THE World Wide Web (or the Web or WWW for short) used to be fun. Honestly!

The first Web browser I used fit on a single floppy disk (the smaller type), quite some time before Netscape was a thing.

"Connections at homes have improved a great deal since the mid 1990s. Let's take advantage of them."Many would rightly argue that the blame (in the title) is misplaced because the current Web browser monopoly isn't Microsoft's but Google's. True enough... and Netscape never dominated to the same extent MSIE did, definitely not for the same reasons (abuse and sabotage). But the fact remains that due to the growing complexity of the Web -- a never-ending upgrade treadmill -- the Web gravitates towards monopolies or at least monocultures (e.g. one single dominent rendering engine and now DRM too).
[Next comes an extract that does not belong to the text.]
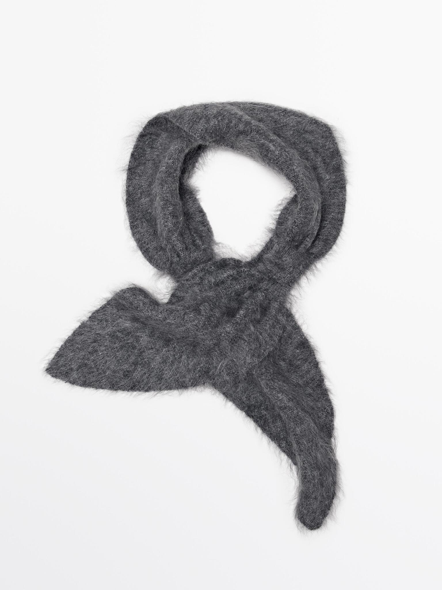 Massimo Dutti Шейный платок из 100% кашемира, завязывающийся как бант, серый
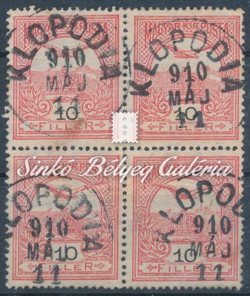 Leírás | 1909. Turul 10f bélyeg 4-es tömbben KLOPODIA (RO) lebélyegzéssel! 50Gp / 1909. Turul 10f stamp in a block of 4 with KLOPODIA (RO) cancellation! 50Gp |

We keep encouraging people to at least give Gemini space a try (as we last did a day ago). You know something has gone very wrong when you load a page about 10 MB in size (1 MB of fonts, 2 MB of JavaScript frameworks, 5 MB of high-resolution photos etc.) just to read a headline, one sentence, or at most an article 5-10 paragraphs in length. The same could be done with less than 10 KB (kilobytes), i.e. 1,000 times less, traffic-wise.

SpacewalkThe same wasteful culture that tells you to buy a new computer (or 'smart' 'phone') every 3-5 years tells us that sites need to be overhauled and redesigned more often than this. Techrights has hardly changed in 15 years.

Don't believe me? Here's the site in 2006:

Techrights 2006

Sometimes being less advanced or rejecting unwanted/unnecessary so-called 'progress' is a good thing.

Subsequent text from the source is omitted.